Verb and Preposition SRL Annotations for the CHILDES Corpus
Christos Christodoulopoulus, Cindy Fisher, Sandra Franco, Lori Moon, and Dan Roth
This corpus contains gold standard annotations of all verb and preposition senses with corresponding semantic role labels in adult-child dialogues. It is derived from the Adam files in the Brown corpus (Brown 1973) from the CHILDES corpora. The derived corpus contains annotations for every sentence containing a verb or preposition in the corpus. The semantic role labels and senses for verbs follow Propbank guidelines (Kingsbury & Palmer 2002; Gildea & Palmer 2002; Palmer et al. 2005) and those for prepositions follow Srikumar & Roth 2011.
The corpus was annotated by two annotators. The overall average kappa score for inter-annotator agreement is 0.92. The derived corpus is available here in XML format
Notes on how the information appears in XML and CHAT format is given here.
If you use this corpus, please cite Moon et al. (submitted 2018), as well as following the citation guidelines for CHILDES and CHAT on TalkBank TalkBank.
References
- Brown, R. 1973. A First Language: The Early Stages. Cambridge: Harvard University Press.
- Gildea, Dan and Martha Palmer. 2002. The necesity of parsing for predicate argument recognition. Proceedings of the ACL 2002. Philadelphia, Pennsylvania.

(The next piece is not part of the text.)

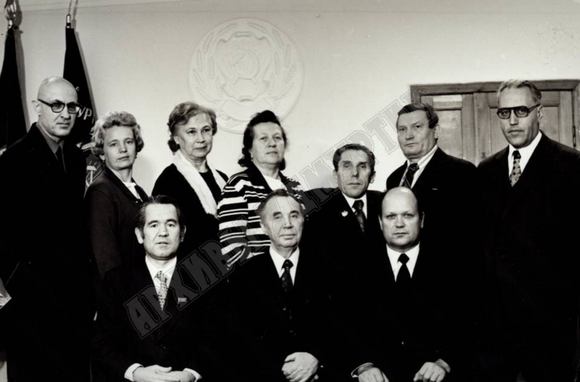
Министр здравоохранения УАССР В.Н. Савельев (слева сидит) с медиками, получившими правительственные награды УАССР.

1979 г. ЦДНИ УР. Ф. 5034. Оп. 1. Д. 218.

- Kingsbury, Paul and Martha Palmer. 2002. From Treebank to Propbank. Proceedings of the 3rd International Conference on Language Resources and Evaluation (LREC-2002). Las Palmas, Spain.
- MacWhinney, Brian. 2000 The CHILDES Project: Tools for Analyzing Talk. Lawrence Erlbaum Associates, Inc., 3rd edition.
- Moon, Lori, Christos Christodoulopoulus, Cindy Fisher, Sandra Franco, and Dan Roth. 2018 manuscript. CHILDES Corpus Annotation of Verb and Preposition Semantic Roles.
- Palmer, Martha, Dan Gildea, and Paul Kingsbury. 2005. The Proposition Bank: A corpus annotated with semantic roles. Computational Linguistics Journal, 31(1).
- Srikumar, Vivek, and Dan Roth. 2011. A joint model for extended semantic role labeling. Proccedings of EMNLP 2011 - Conference on Empirical Methods in Natural Language Processing. 129-139.